01.10.2018

Compulsory employee share ownership schemes promised by Labour

Additional Resources: Compulsory employee share ownership schemes promised by Labour

Perhaps the best-known example of employee ownership is at the John Lewis Group (including high-end supermarket, Waitrose). The culture of employee ownership is not well-established in the UK as opposed to the United States and Spain where significant parts of the working population have a direct shareholding and voice in the companies they’re employed by.

At last week’s Labour Party Conference in Liverpool, Shadow Chancellor, John McDonnell, indicated that, if in power, they would introduce “inclusive ownership funds” that would be, in his words, “an irreversible shift in wealth power in favour of working people”.


What is an inclusive ownership fund?

All companies with more than 250 employees would have to give shares to their members of staff. They would be expected to transfer a minimum of 1% of the company’s shares to their workforces every year until that stake represent 10% of the issued shares of those businesses.

When firms make profits, they can issue dividends to their shareholders – it’s a form of profit distribution. Employees would receive the first £500 worth of dividends in a tax year with any value above that amount being transferred to the Exchequer to be used as a “social dividend” to spend on public services. Some of the cash would be distributed to public sector workers who, because of the nature of the organisation they work for, could not participate in such a scheme directly.

The Shadow Chancellor said that he expected that 11 million people a year would be paid these dividends and that the shareholding employees would “have a say over the direction of their company”.
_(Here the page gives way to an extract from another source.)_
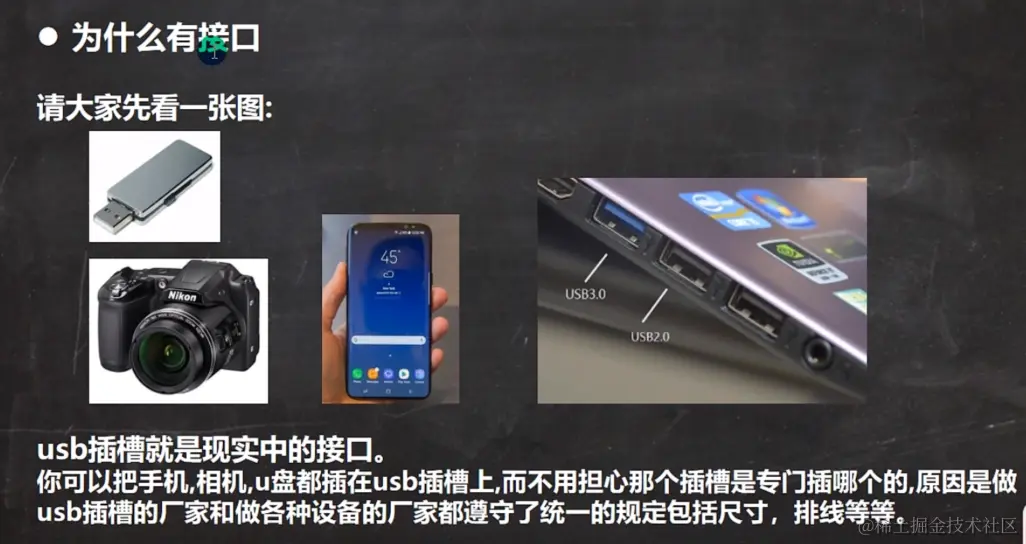 //2.看到接收实现了Usbinterface接口的类的对象实例

Shares issued by larger companies to their members of staff could not be sold or traded as with shares in public limited companies listed on the Stock Exchange.

 

Reaction to the proposal

The scheme has met with different reactions depending on political stance. Right-leaning newspaper The Express ran with the headline “Labour’s WAR on business: New policies see firms paying £7BILLION a year to employee fund”.

Quoting Carolyn Fairbairn, the director of the CBI, she said that “this Labour diktat on employee share ownership will only encourage investors to pack their bags and will harm those who can least afford it”. Stephen Martin, director-general of the Institute of Directors, told the paper that the plans were “draconian” and that it could badly affect “business investment and business formation…(undermining) the functioning of UK capital markets”.

Left-leaning newspaper The Guardian’s commentator Nils Pratley believes that “the cause is excellent but the…model is just too complicated”. The paper’s main editorial applauded the approach but worried that global companies may find ways to “redistribute profits away from Britain to avoid them being used for workers.”